Overview of capacities

  • retrieval of names from the taxonomy
  • listing of children and descendant taxa
  • fuzzy matching of names
  • taxonomic distance measurement based on Shimatani distance

How does it work?

Internally, the package relies on the files provided by NCBI to reconstruct the taxonomy – the README for what the files contain can be found here. Note that the files and their expected MD5 checksum are downloaded when the package is built, and the data are not extracted unless the checksum matches. The package will also check that the checksum on the server is different from the version on disk, to avoid downloading data for nothing.

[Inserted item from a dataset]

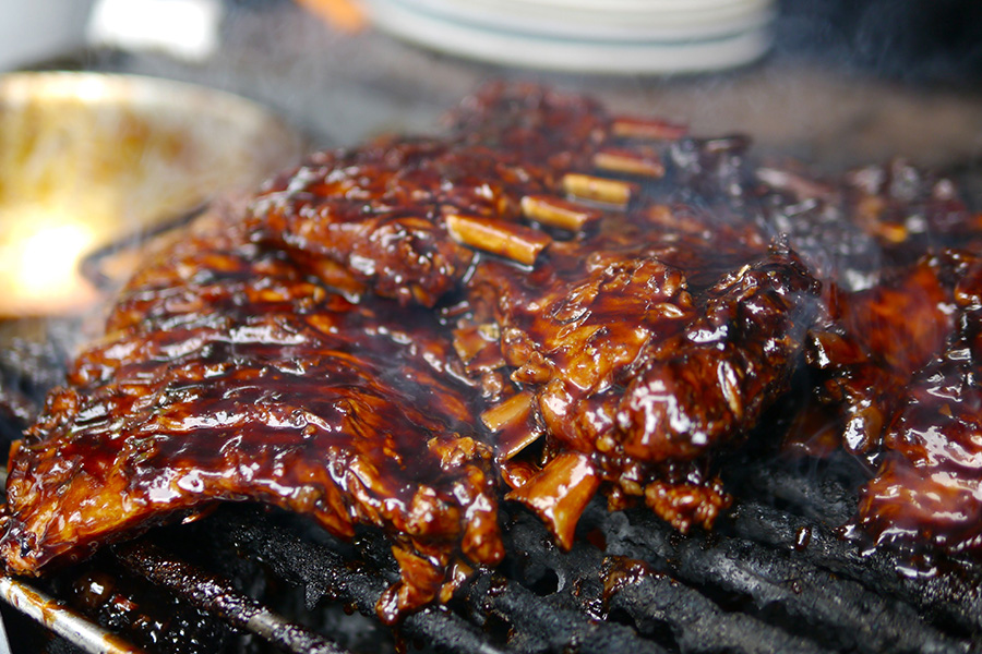 Leg het RVS rooster er op en rook de spare ribs ca. 2,5 uur op 100 graden. Vervolgens nogmaals 1 uur op 100 graden maar dan om het kwartier de spare ribs om en om insmeren met de saus.

Data are saved as arrow tables when the package is built, and these are loaded when the package is loaded with import or using, as DataFrames. These data frames are not exported, but they are used by the various function of the package. Note also that a number of fields are removed, and some tables are pre-merged - not at build time (so there is no information loss, and you are welcome to dig into the full data frame by reloading the arrow file), but at load time.

Please note that the taxonomy dump is a big download. If the NCBITAXONOMY_PATH is not set, it will be stored in the package folder under the .julia directory, which is a bad idea. We strongly recommend editing your configuration file.

The package will check that the local version of the taxonomy file is sufficiently recent (no older than about 30 days), and if this is not the case, will prompt the user to update to a more recent version.